Start of Block

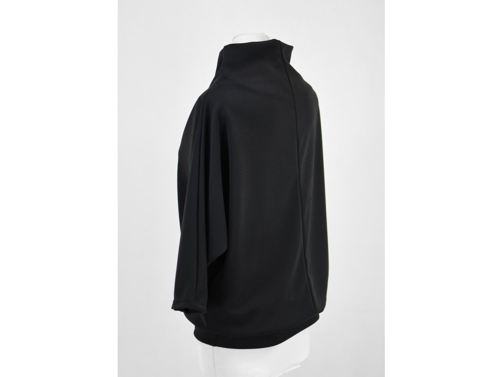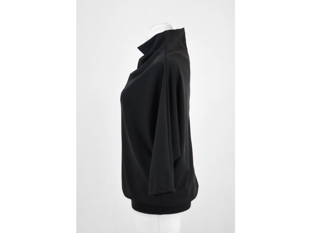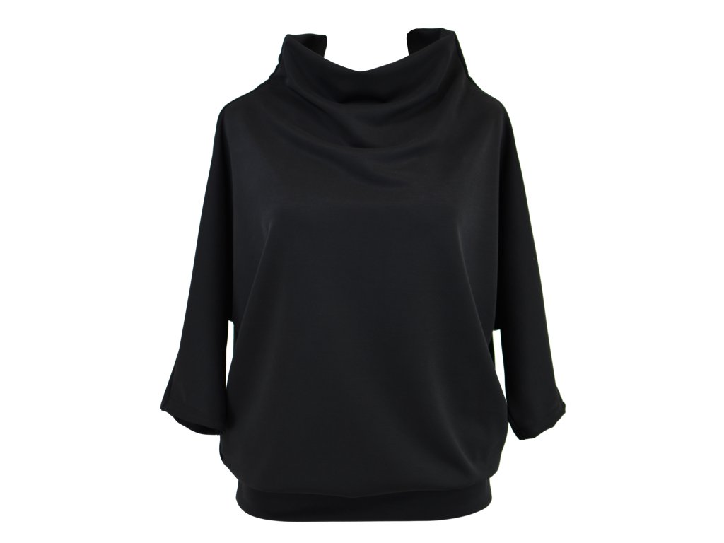 Dámská halenka netopýřího střihu s volnějším dvojitým stojáčkem. Rukávy jsou netopýřího střihu, 3/4 délky. Je s volným hrudníkem a je podkasaná do dvojitého lemu v dolním okraji. Působí volně a ležérně. Díky silnějšímu materiálu se hodí spíše jako svrchní vrstva, zároveň ji však můžete nosit i samostatně jako tričko.
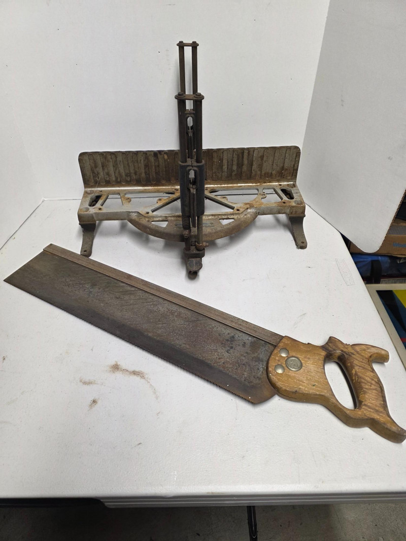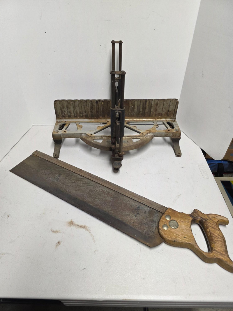 Lot # 181 - VIntage Lakeside Cast Iron Miter Box & 21" Miter Saw
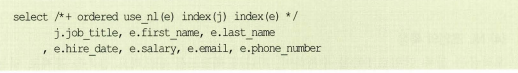 select /*+ ordered use_nl(d) */ e.empno, e.ename, d.dname
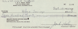 Jack Haley "The Tin Man" autographed Check 1974 Signed Document 1
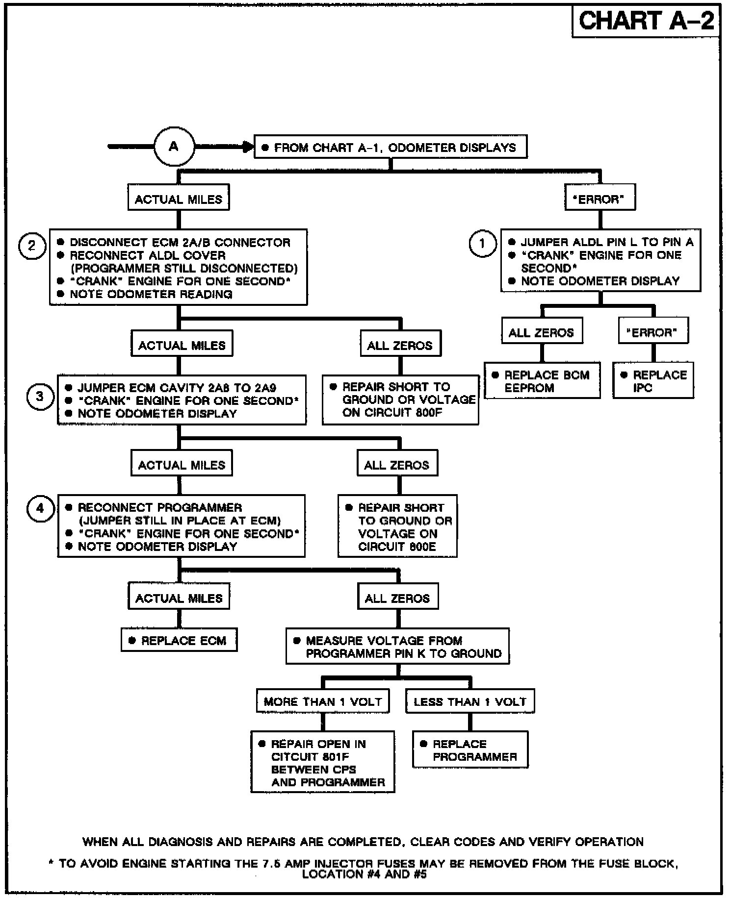 1. If "ERROR" is displayed the BCM EEPROM and the Instrument Panel Cluster (IPC) are suspect, shorting the data line to ground (ALDL pin A) and cranking will result in a zero mileage reading if the EEPROM is at fault.
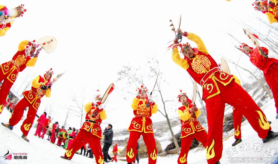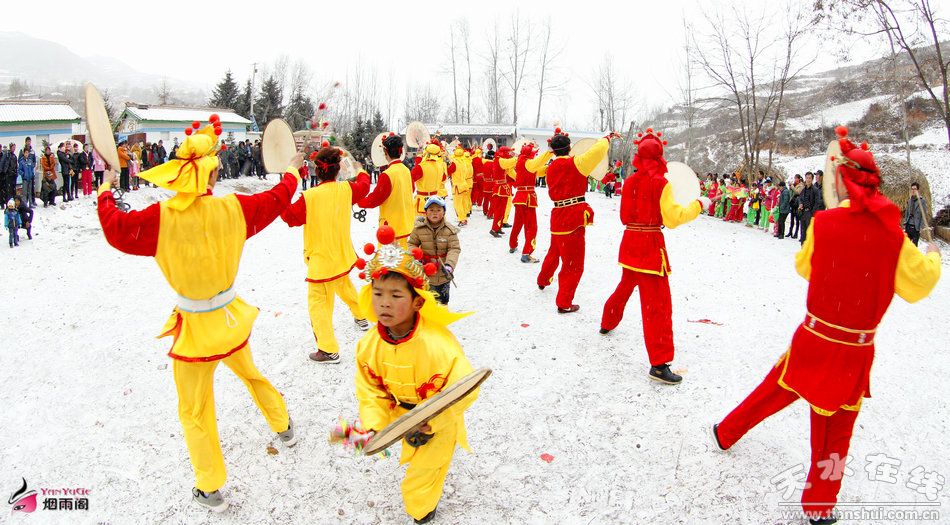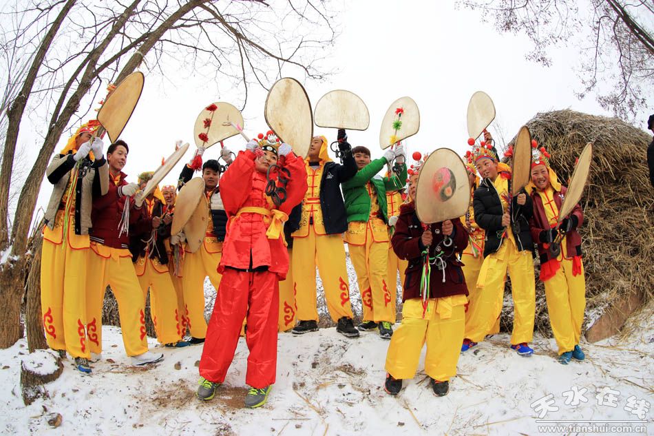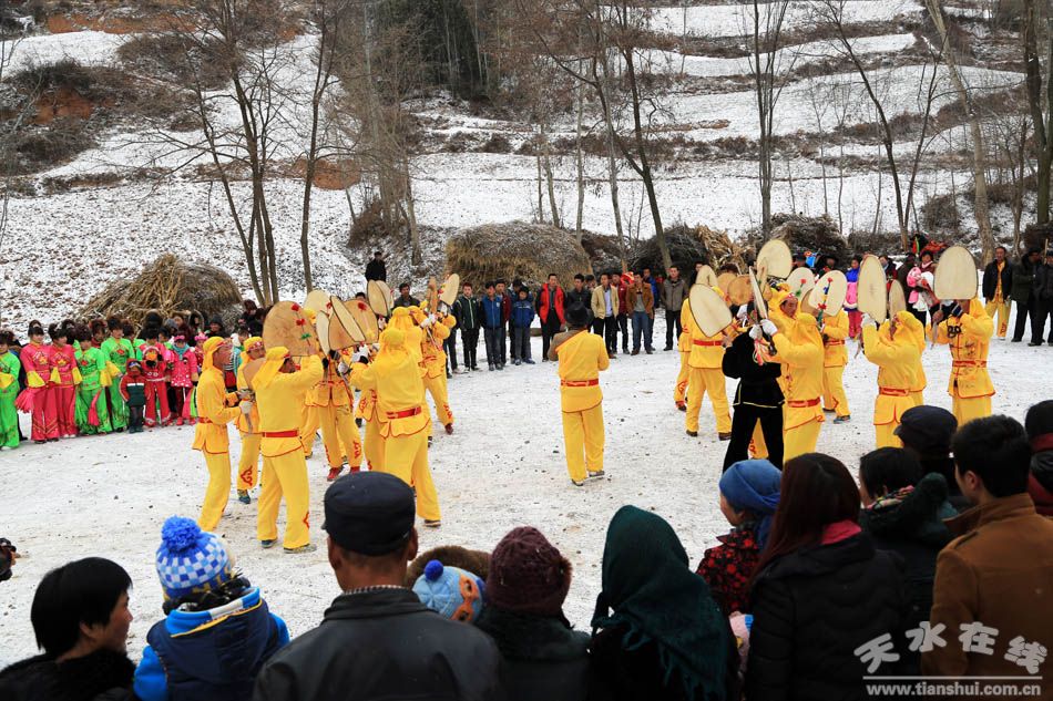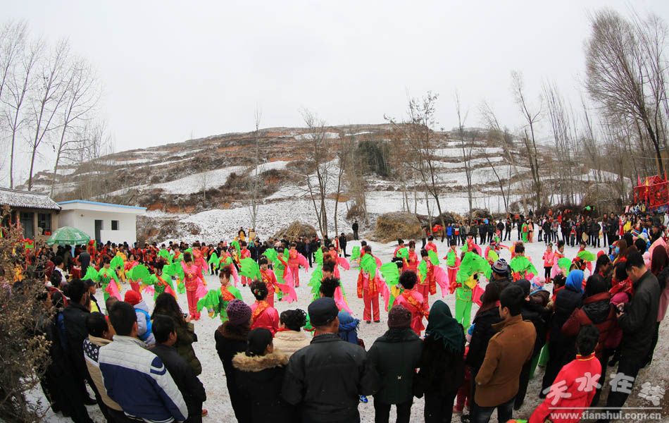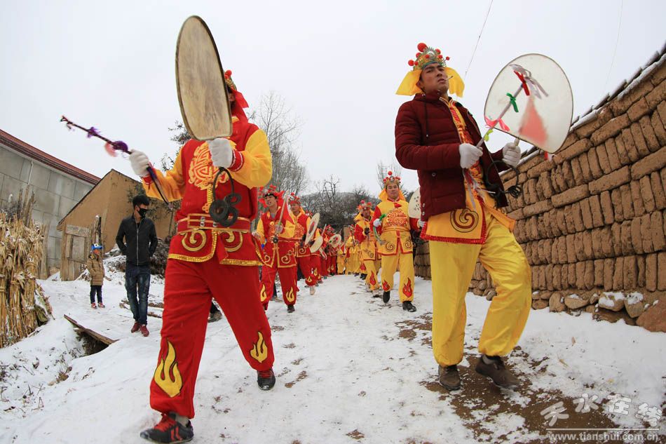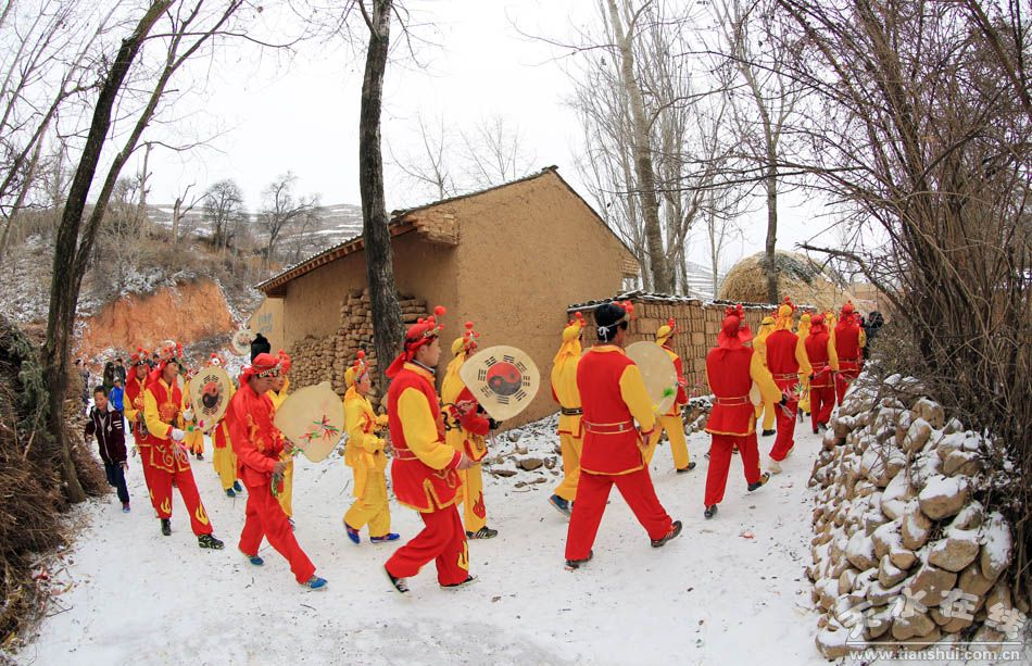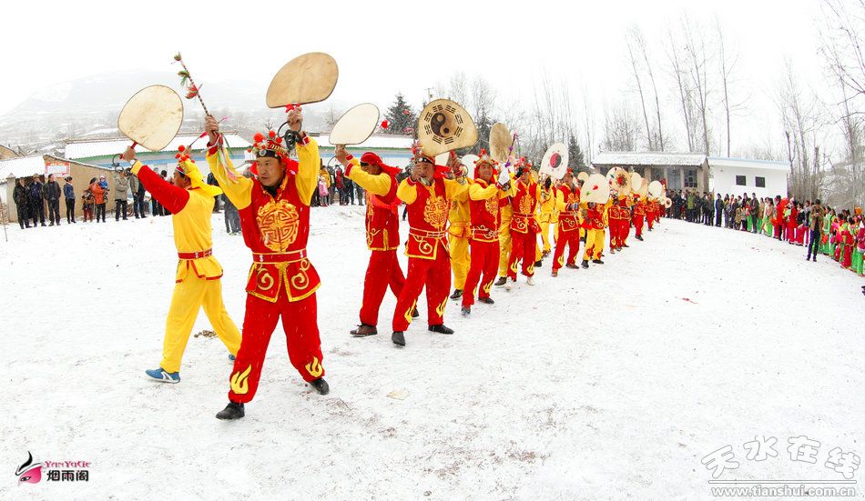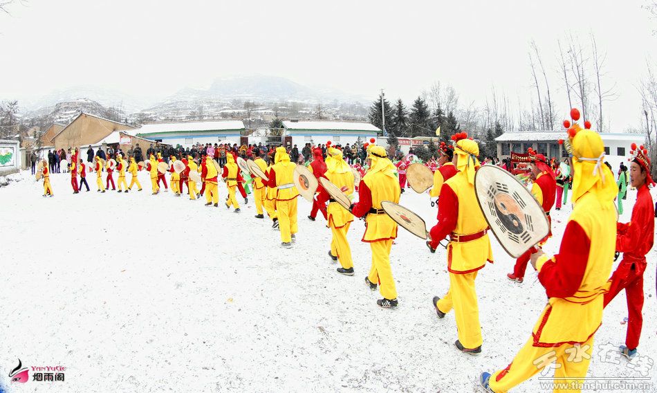 2月12日,大年初五,一場不期而至的瑞雪灑落在天水大地,天水在線一行不顧天寒地凍,道路難行,冒著大雪專程驅(qū)車來到武山縣灘歌鎮(zhèn)費莊村拍攝社火表演。

End of Block

__What you will do__: Copy every record exactly as written, leaving out the pictures.

__Reply__:
 Dámská halenka netopýřího střihu s volnějším dvojitým stojáčkem. Rukávy jsou netopýřího střihu, 3/4 délky. Je s volným hrudníkem a je podkasaná do dvojitého lemu v dolním okraji. Působí volně a ležérně. Díky silnějšímu materiálu se hodí spíše jako svrchní vrstva, zároveň ji však můžete nosit i samostatně jako tričko.
 Lot # 181 - VIntage Lakeside Cast Iron Miter Box & 21" Miter Saw
 select /*+ ordered use_nl(d) */ e.empno, e.ename, d.dname
 Jack Haley "The Tin Man" autographed Check 1974 Signed Document 1
 1. If "ERROR" is displayed the BCM EEPROM and the Instrument Panel Cluster (IPC) are suspect, shorting the data line to ground (ALDL pin A) and cranking will result in a zero mileage reading if the EEPROM is at fault.
 2月12日,大年初五,一場不期而至的瑞雪灑落在天水大地,天水在線一行不顧天寒地凍,道路難行,冒著大雪專程驅(qū)車來到武山縣灘歌鎮(zhèn)費莊村拍攝社火表演。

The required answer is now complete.